Data provided
——

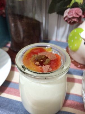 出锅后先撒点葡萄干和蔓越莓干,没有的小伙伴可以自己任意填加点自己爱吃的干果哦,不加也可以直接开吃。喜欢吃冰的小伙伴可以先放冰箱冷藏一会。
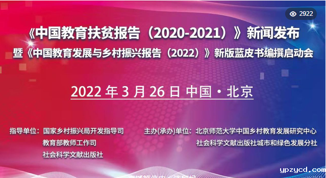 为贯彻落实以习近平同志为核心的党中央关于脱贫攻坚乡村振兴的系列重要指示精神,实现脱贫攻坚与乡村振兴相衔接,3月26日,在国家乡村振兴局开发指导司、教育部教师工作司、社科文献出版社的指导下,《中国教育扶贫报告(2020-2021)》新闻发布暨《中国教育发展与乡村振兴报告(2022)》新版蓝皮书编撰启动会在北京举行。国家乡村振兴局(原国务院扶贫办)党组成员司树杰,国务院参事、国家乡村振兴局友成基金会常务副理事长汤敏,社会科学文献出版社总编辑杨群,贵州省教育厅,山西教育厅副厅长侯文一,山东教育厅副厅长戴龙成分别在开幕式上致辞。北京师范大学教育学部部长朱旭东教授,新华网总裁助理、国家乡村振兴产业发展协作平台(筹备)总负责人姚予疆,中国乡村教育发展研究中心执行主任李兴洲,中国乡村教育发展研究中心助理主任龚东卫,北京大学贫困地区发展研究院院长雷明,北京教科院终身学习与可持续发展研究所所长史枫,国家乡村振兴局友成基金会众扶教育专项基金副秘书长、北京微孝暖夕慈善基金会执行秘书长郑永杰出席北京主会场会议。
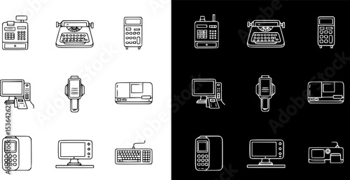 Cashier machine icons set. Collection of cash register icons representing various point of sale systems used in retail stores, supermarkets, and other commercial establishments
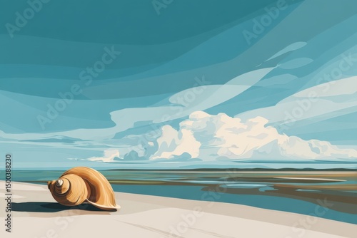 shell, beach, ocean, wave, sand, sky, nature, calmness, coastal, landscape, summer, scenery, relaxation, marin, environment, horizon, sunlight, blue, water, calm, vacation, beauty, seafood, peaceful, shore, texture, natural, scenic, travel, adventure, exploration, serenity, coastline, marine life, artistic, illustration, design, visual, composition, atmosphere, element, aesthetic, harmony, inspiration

——

The task
Give again, word for word, the lines above from the first one through the one containing "Cashier machine icons"; no pictures.

Task answer
 出锅后先撒点葡萄干和蔓越莓干,没有的小伙伴可以自己任意填加点自己爱吃的干果哦,不加也可以直接开吃。喜欢吃冰的小伙伴可以先放冰箱冷藏一会。
 为贯彻落实以习近平同志为核心的党中央关于脱贫攻坚乡村振兴的系列重要指示精神,实现脱贫攻坚与乡村振兴相衔接,3月26日,在国家乡村振兴局开发指导司、教育部教师工作司、社科文献出版社的指导下,《中国教育扶贫报告(2020-2021)》新闻发布暨《中国教育发展与乡村振兴报告(2022)》新版蓝皮书编撰启动会在北京举行。国家乡村振兴局(原国务院扶贫办)党组成员司树杰,国务院参事、国家乡村振兴局友成基金会常务副理事长汤敏,社会科学文献出版社总编辑杨群,贵州省教育厅,山西教育厅副厅长侯文一,山东教育厅副厅长戴龙成分别在开幕式上致辞。北京师范大学教育学部部长朱旭东教授,新华网总裁助理、国家乡村振兴产业发展协作平台(筹备)总负责人姚予疆,中国乡村教育发展研究中心执行主任李兴洲,中国乡村教育发展研究中心助理主任龚东卫,北京大学贫困地区发展研究院院长雷明,北京教科院终身学习与可持续发展研究所所长史枫,国家乡村振兴局友成基金会众扶教育专项基金副秘书长、北京微孝暖夕慈善基金会执行秘书长郑永杰出席北京主会场会议。
 Cashier machine icons set. Collection of cash register icons representing various point of sale systems used in retail stores, supermarkets, and other commercial establishments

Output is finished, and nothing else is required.